* Record set
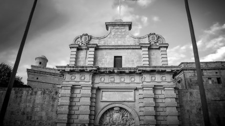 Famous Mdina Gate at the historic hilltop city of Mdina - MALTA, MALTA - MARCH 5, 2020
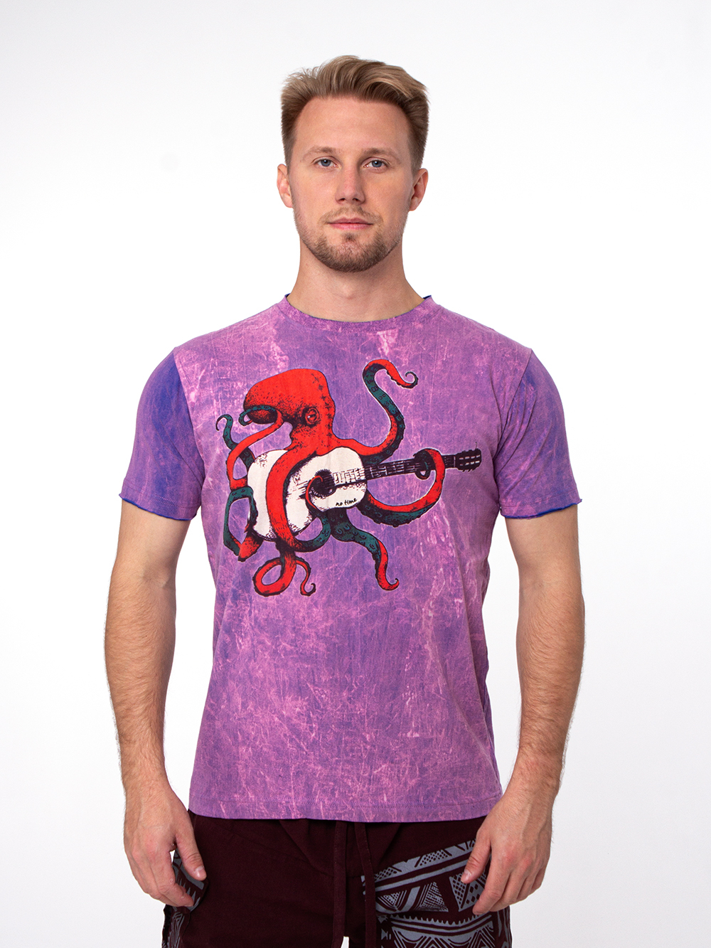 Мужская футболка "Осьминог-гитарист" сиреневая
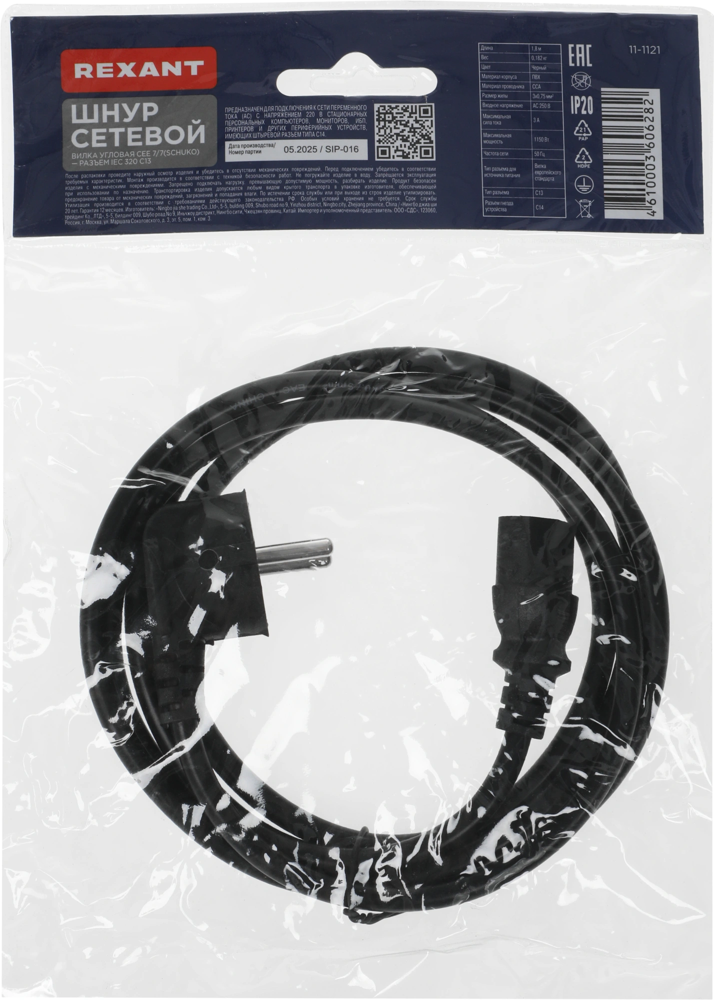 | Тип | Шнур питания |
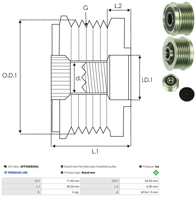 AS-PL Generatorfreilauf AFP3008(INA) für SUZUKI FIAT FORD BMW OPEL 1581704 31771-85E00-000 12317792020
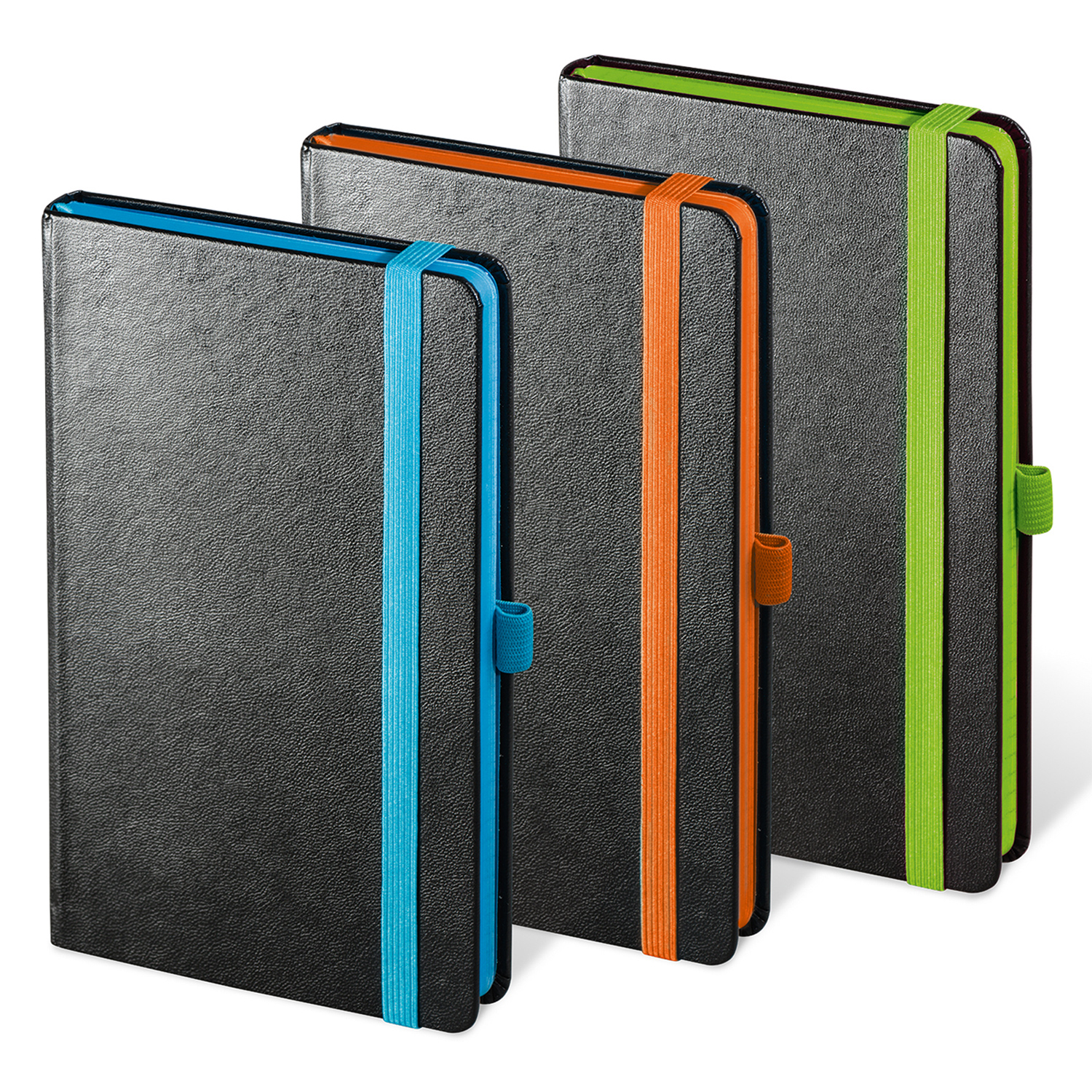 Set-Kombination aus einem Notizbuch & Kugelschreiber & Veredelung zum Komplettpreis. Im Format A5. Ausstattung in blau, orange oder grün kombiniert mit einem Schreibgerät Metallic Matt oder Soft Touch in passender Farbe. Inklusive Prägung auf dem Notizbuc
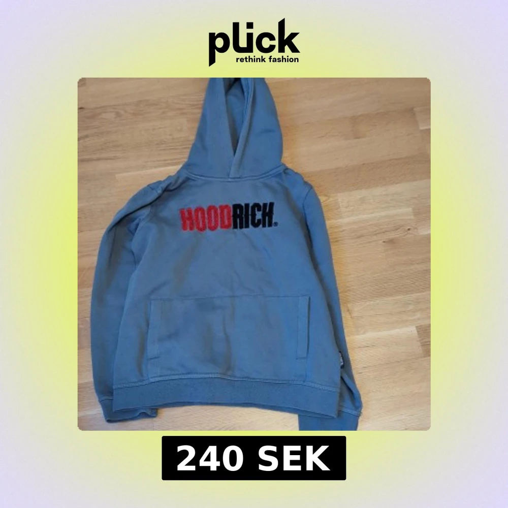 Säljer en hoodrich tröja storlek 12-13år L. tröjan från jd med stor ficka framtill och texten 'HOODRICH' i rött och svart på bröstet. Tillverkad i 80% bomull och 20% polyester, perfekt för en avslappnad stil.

* Goal of the exercise
Please set down only the lines from the one containing "Set-Kombination aus einem" through the end of the entries, exactly as they stand, both ends included and with no pictures.

* Task solution
 Set-Kombination aus einem Notizbuch & Kugelschreiber & Veredelung zum Komplettpreis. Im Format A5. Ausstattung in blau, orange oder grün kombiniert mit einem Schreibgerät Metallic Matt oder Soft Touch in passender Farbe. Inklusive Prägung auf dem Notizbuc
 Säljer en hoodrich tröja storlek 12-13år L. tröjan från jd med stor ficka framtill och texten 'HOODRICH' i rött och svart på bröstet. Tillverkad i 80% bomull och 20% polyester, perfekt för en avslappnad stil.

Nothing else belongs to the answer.